SUPPLIED RECORDS -
_ _ _ _ _ _ _

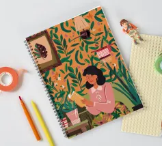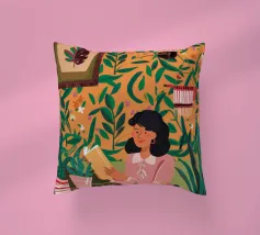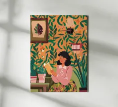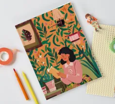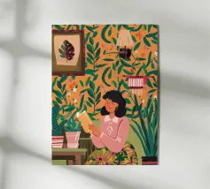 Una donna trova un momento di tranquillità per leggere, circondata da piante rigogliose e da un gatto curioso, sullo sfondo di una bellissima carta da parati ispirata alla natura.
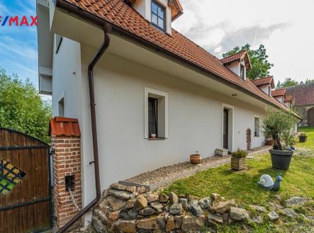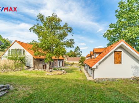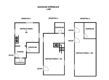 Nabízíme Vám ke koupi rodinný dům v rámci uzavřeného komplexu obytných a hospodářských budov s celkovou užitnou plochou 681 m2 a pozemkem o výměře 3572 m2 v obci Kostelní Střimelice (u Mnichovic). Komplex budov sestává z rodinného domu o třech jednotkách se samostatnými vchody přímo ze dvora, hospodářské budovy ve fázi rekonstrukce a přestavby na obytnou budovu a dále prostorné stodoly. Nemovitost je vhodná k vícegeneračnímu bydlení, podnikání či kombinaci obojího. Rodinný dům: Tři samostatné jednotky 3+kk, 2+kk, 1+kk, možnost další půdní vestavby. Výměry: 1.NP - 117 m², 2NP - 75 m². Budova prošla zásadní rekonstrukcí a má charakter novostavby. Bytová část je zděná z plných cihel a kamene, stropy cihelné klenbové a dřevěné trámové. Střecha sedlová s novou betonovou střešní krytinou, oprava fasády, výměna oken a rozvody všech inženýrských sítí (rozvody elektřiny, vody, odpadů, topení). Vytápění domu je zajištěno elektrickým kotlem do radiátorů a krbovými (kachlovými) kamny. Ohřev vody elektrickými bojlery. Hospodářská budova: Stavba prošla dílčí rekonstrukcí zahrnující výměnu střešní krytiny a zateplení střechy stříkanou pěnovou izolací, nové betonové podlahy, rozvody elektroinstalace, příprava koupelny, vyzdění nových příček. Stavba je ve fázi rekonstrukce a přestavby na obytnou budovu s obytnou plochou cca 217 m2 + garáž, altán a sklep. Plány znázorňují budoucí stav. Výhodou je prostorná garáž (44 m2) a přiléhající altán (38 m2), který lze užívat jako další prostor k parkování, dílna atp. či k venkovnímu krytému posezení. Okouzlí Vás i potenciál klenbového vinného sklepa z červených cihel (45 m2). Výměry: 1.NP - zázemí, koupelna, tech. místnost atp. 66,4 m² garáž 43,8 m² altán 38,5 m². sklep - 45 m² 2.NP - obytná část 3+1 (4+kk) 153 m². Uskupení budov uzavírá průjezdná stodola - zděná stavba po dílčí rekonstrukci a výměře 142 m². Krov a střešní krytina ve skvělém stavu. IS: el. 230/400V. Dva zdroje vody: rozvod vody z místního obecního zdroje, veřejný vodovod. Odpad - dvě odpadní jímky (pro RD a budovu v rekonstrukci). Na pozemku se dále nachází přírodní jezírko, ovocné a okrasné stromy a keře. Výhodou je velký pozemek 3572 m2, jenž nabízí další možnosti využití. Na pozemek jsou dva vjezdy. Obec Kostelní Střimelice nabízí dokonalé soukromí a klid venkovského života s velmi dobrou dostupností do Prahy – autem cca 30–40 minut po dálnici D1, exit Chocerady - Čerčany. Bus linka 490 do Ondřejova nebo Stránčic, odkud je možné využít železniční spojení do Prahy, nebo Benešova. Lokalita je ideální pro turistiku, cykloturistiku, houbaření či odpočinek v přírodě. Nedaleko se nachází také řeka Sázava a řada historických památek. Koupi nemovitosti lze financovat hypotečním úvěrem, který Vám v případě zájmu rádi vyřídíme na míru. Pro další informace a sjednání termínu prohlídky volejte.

_ _ _ _ _ _ _

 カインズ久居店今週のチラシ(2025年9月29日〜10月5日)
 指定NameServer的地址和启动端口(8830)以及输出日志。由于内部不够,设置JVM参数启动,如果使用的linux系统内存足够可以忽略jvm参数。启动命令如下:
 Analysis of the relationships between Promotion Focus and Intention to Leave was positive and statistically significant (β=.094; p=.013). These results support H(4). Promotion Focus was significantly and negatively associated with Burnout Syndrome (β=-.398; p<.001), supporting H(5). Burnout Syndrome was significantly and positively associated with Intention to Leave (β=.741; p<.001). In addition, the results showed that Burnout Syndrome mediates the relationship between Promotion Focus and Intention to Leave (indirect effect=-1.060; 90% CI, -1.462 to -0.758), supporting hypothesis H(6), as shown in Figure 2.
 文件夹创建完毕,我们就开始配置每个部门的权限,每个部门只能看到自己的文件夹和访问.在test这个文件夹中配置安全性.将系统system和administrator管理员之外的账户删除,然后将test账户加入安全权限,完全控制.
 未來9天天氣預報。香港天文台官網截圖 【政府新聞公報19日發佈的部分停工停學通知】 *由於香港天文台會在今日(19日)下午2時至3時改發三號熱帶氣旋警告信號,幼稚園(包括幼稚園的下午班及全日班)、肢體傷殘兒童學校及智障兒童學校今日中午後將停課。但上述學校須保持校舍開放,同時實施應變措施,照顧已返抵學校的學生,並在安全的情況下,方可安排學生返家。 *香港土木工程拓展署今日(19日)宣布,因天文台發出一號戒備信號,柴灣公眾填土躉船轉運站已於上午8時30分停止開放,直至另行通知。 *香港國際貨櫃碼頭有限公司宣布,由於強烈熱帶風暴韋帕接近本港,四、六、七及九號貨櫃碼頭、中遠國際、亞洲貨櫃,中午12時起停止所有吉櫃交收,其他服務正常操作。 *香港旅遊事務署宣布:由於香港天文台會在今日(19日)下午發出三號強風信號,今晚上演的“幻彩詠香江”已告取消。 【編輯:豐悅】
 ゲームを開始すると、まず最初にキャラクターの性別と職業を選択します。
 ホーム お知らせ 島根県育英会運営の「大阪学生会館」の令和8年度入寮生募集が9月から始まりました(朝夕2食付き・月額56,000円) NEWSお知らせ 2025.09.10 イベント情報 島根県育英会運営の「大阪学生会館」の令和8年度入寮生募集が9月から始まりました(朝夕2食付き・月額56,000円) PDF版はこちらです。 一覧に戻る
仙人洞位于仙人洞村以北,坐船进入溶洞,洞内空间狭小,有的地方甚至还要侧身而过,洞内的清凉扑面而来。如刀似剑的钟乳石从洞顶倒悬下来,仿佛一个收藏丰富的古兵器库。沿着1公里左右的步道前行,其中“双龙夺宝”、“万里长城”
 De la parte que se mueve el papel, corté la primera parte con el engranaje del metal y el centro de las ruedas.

_ _ _ _ _ _ _

WHAT IS NEEDED - All lines in the listing above from the line containing "NEWSお知らせ 2025.09.10 イベント情報" to the line containing "De la parte", inclusive, should be retyped exactly; no other lines should appear.

EXERCISE OUTPUT -
 ホーム お知らせ 島根県育英会運営の「大阪学生会館」の令和8年度入寮生募集が9月から始まりました(朝夕2食付き・月額56,000円) NEWSお知らせ 2025.09.10 イベント情報 島根県育英会運営の「大阪学生会館」の令和8年度入寮生募集が9月から始まりました(朝夕2食付き・月額56,000円) PDF版はこちらです。 一覧に戻る
仙人洞位于仙人洞村以北,坐船进入溶洞,洞内空间狭小,有的地方甚至还要侧身而过,洞内的清凉扑面而来。如刀似剑的钟乳石从洞顶倒悬下来,仿佛一个收藏丰富的古兵器库。沿着1公里左右的步道前行,其中“双龙夺宝”、“万里长城”
 De la parte que se mueve el papel, corté la primera parte con el engranaje del metal y el centro de las ruedas.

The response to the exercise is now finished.